Although the U.S. is South Korea's sole alliance partner, the Moon administration has aimed to strike a diplomatic course in which Seoul is not fully aligned with either the U.S. or China.

The South Korea government has kept the Quad at arm's length in light of the strong counter-China characteristics, saying it has never received a request to join the framework. But with the U.S. repeatedly asking for assistance, it appears Seoul is leaning toward the idea that some kind of involvement will be necessary.

In return for the limited engagement with the Quad, Moon seeks to draw from Biden a positive response on a swift resumption of talks between the U.S. and North Korea. The South Korean president first plans to confirm that the Biden administration will stand by the joint statement signed by former President Donald Trump and North Korean leader Kim Jong Un in Singapore in 2018.

The document says that North Korea "commits to work towards complete denuclearization of the Korean Peninsula." Should the North move in that direction, South Korea seeks to build consensus around a phased denuclearization that would include eased sanctions as part of the incentives.

U.S. support for vaccine supplies to South Korea will also be on the agenda during Friday's summit. Moon has weathered criticism for delays in procuring vaccines. Seoul aims to administer the first round of shots to 70% of the population by September, but that goal looks shaky.

The U.S. has indicated it will prioritize Quad nations when it comes to vaccine supplies. Washington is seen determining the scope of vaccine assistance to South Korea based on Seoul's stance toward the Quad.
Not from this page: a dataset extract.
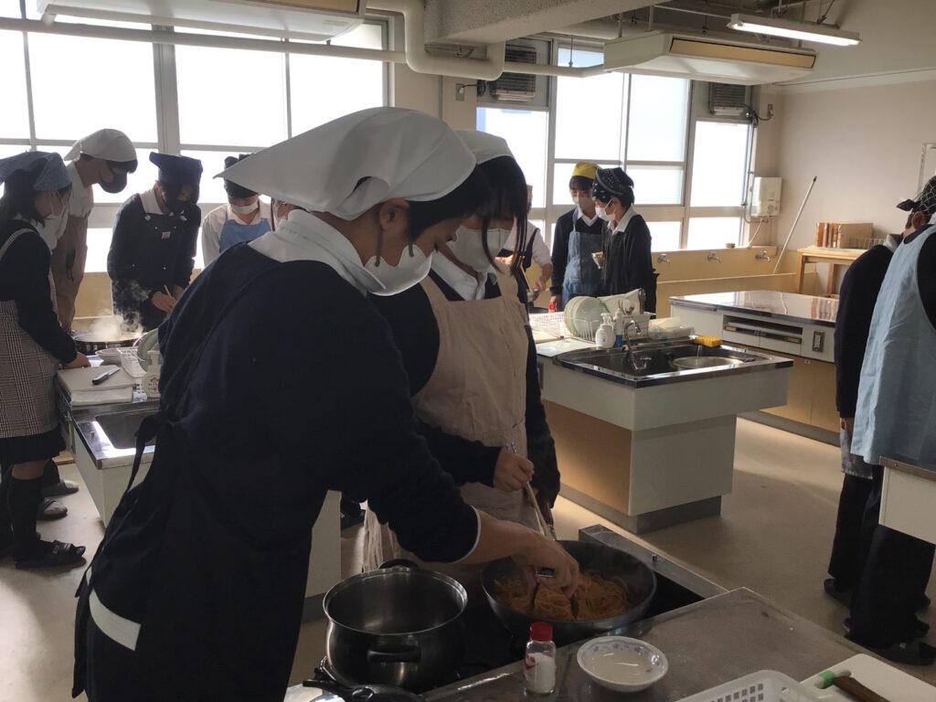 2年生が家庭科の授業で調理実習を行い、ナポリタンづくりに挑戦しました。

Whether South Korea receives meaningful support on vaccines will factor heavily in the presidential election next spring. Some experts believe Moon will be compelled to cooperate with the Quad due to those political calculations.
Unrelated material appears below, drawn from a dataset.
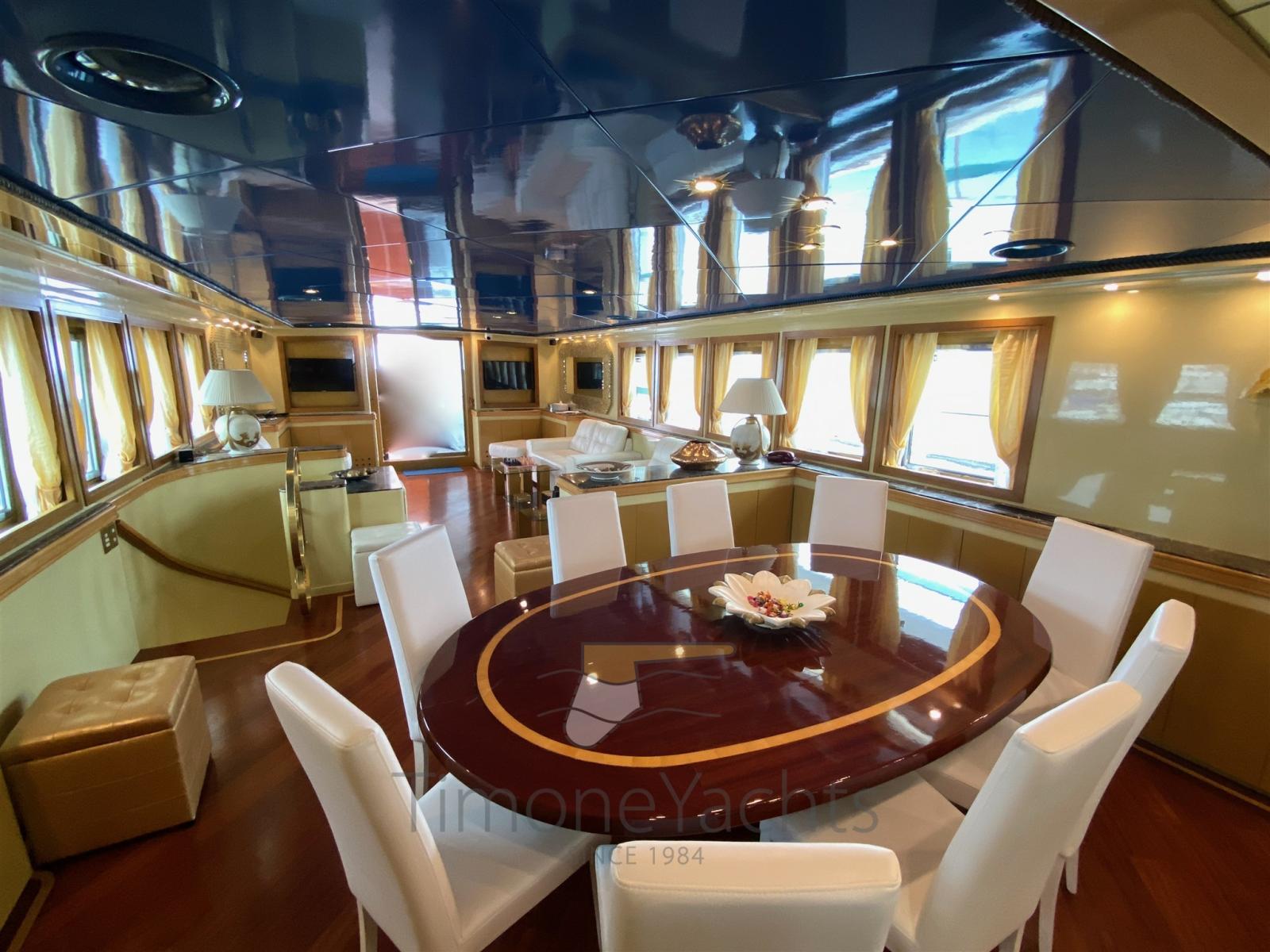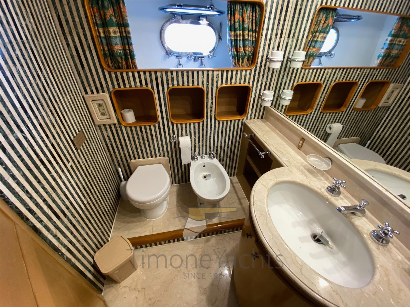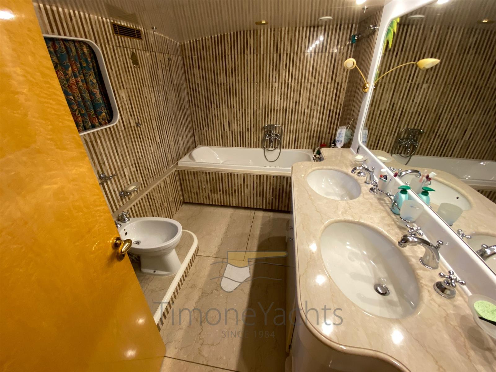 Volumes here are plenty and so is the onboard comfort. She sleeps 12 guests in 5 cabins + 6 crew in 3 cabs. Interesting features are a second galley up on main deck, as well as day head with shower and bidet along the port sidewalk: that big you couldnt name it as "daily". The flybridge is endless: once the two large tenders are in water it's easy to host a 100+ guests party up there.

Seoul is also prepared to cooperate with the U.S. on the semiconductor supply chain, with executives from Samsung Electronics and SK Hynix set to accompany Moon to Washington. The entourage is expected to participate in a U.S. Department of Commerce meeting on Thursday and describe plans for investments and stabilizing supplies.

If South Korea does draw closer to the Quad, it would elicit a reaction from China. Wang Yi, China's foreign minister, has likened the Quad to an Indo-Pacific version of NATO.

When Moon's predecessor, Park Geun-hye, decided to deploy the U.S.-made THAAD missile shield in 2016, China retaliated through harsh economic actions, such as limiting group travel to South Korea.